INFORMATION PROVIDED Start Marker
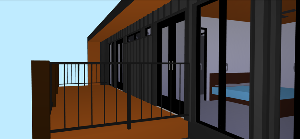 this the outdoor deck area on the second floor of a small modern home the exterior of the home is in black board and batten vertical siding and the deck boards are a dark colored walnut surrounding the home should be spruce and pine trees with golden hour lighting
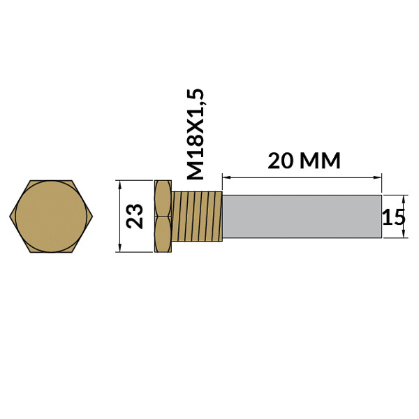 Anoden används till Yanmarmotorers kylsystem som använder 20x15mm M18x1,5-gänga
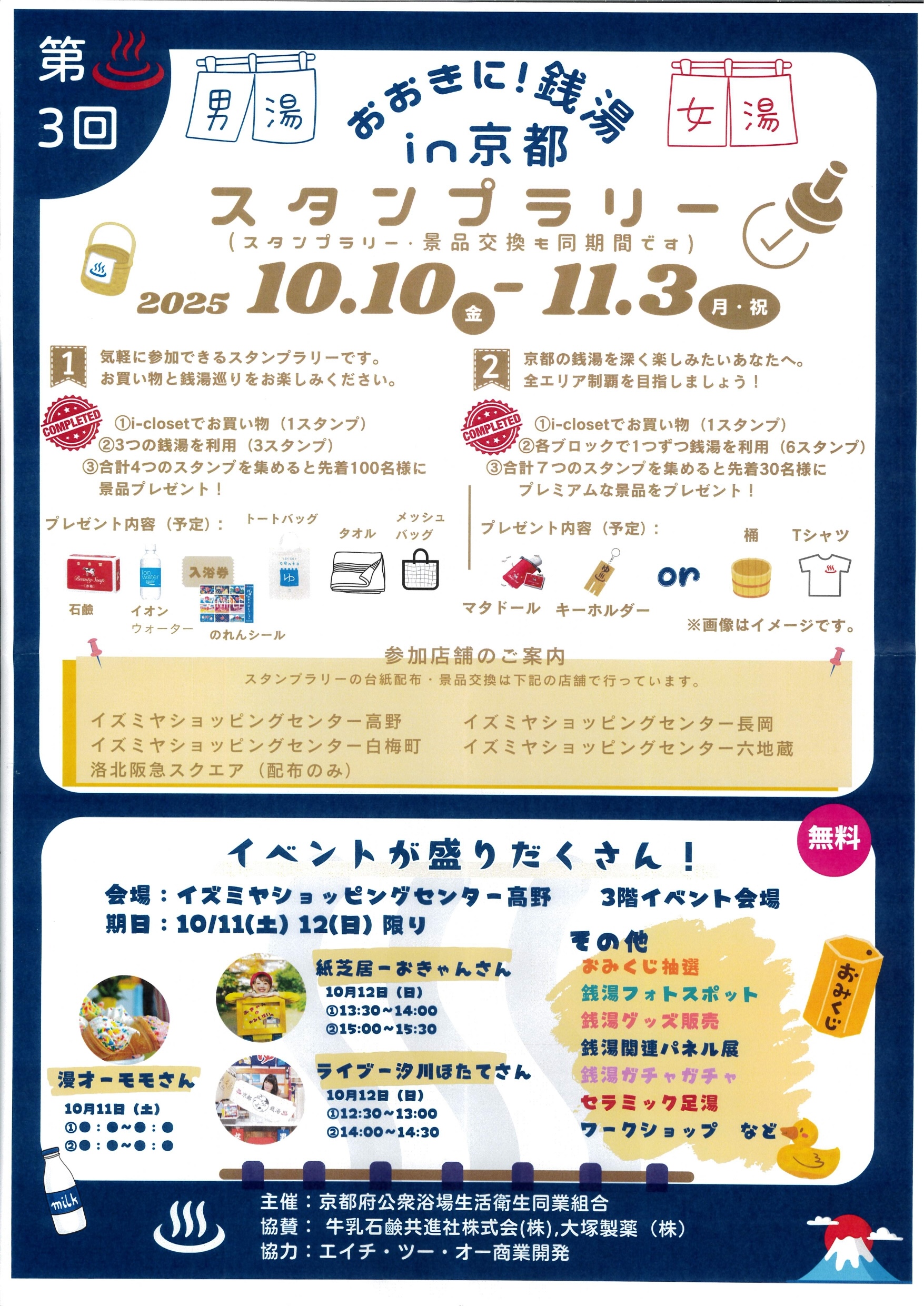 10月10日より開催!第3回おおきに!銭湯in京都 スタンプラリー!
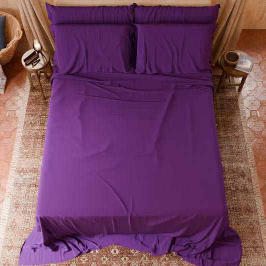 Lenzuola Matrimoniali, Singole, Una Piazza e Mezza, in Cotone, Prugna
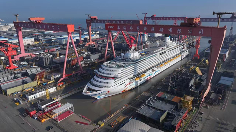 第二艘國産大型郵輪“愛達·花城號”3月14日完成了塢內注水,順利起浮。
INFORMATION PROVIDED End Marker
INFORMATION PROVIDED Start Marker
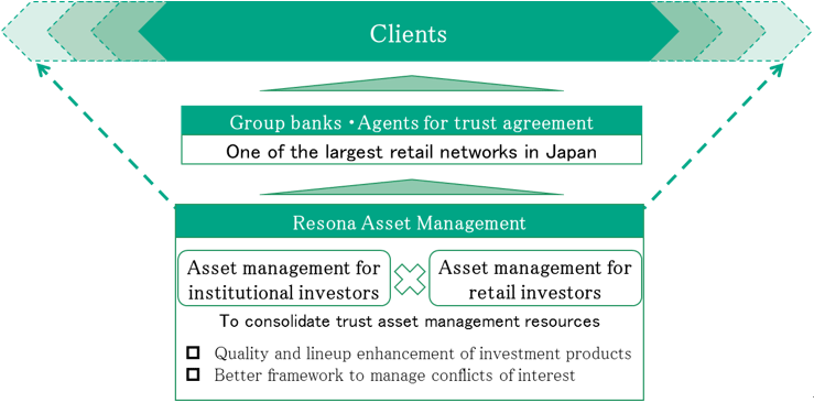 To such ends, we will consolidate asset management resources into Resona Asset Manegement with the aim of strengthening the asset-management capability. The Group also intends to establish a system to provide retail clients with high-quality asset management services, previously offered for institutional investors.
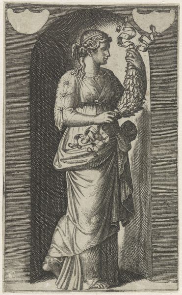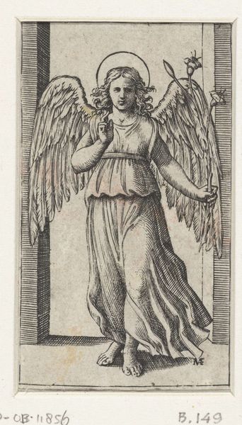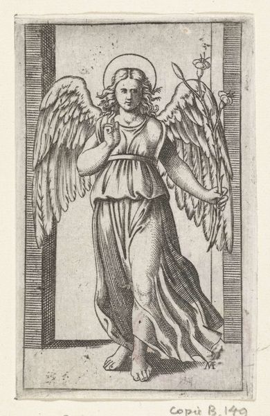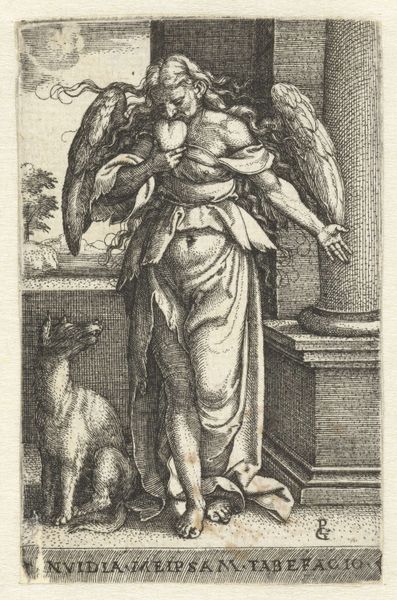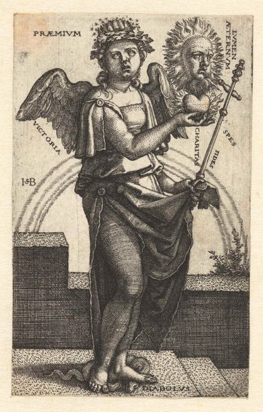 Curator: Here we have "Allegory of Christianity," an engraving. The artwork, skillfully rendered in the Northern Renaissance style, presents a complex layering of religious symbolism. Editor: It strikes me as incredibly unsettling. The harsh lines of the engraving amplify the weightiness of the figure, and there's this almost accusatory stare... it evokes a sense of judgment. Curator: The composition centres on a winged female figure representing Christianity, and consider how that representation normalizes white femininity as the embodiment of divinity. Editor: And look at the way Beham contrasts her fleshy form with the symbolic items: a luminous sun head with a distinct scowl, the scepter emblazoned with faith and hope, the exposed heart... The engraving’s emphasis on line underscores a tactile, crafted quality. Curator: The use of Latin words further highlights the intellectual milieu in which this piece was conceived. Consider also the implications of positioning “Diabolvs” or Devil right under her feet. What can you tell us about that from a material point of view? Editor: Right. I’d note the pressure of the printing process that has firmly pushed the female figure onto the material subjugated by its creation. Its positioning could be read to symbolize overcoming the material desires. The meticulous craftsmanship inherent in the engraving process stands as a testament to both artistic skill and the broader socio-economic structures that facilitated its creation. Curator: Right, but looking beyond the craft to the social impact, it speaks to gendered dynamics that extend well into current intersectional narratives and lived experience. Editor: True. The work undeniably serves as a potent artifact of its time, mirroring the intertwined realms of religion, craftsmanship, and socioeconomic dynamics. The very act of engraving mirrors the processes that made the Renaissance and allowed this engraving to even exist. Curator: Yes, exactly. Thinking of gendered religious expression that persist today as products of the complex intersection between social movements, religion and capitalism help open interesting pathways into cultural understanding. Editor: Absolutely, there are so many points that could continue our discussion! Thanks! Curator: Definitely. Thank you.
INFORMATION PROVIDED End Marker
# [ABOUT THIS TASK]
For the data above, set down exactly the lines from the line with "this the outdoor" to the line with "Anoden används till", both included, leaving pictures out.

# [REPLY]
 this the outdoor deck area on the second floor of a small modern home the exterior of the home is in black board and batten vertical siding and the deck boards are a dark colored walnut surrounding the home should be spruce and pine trees with golden hour lighting
 Anoden används till Yanmarmotorers kylsystem som använder 20x15mm M18x1,5-gänga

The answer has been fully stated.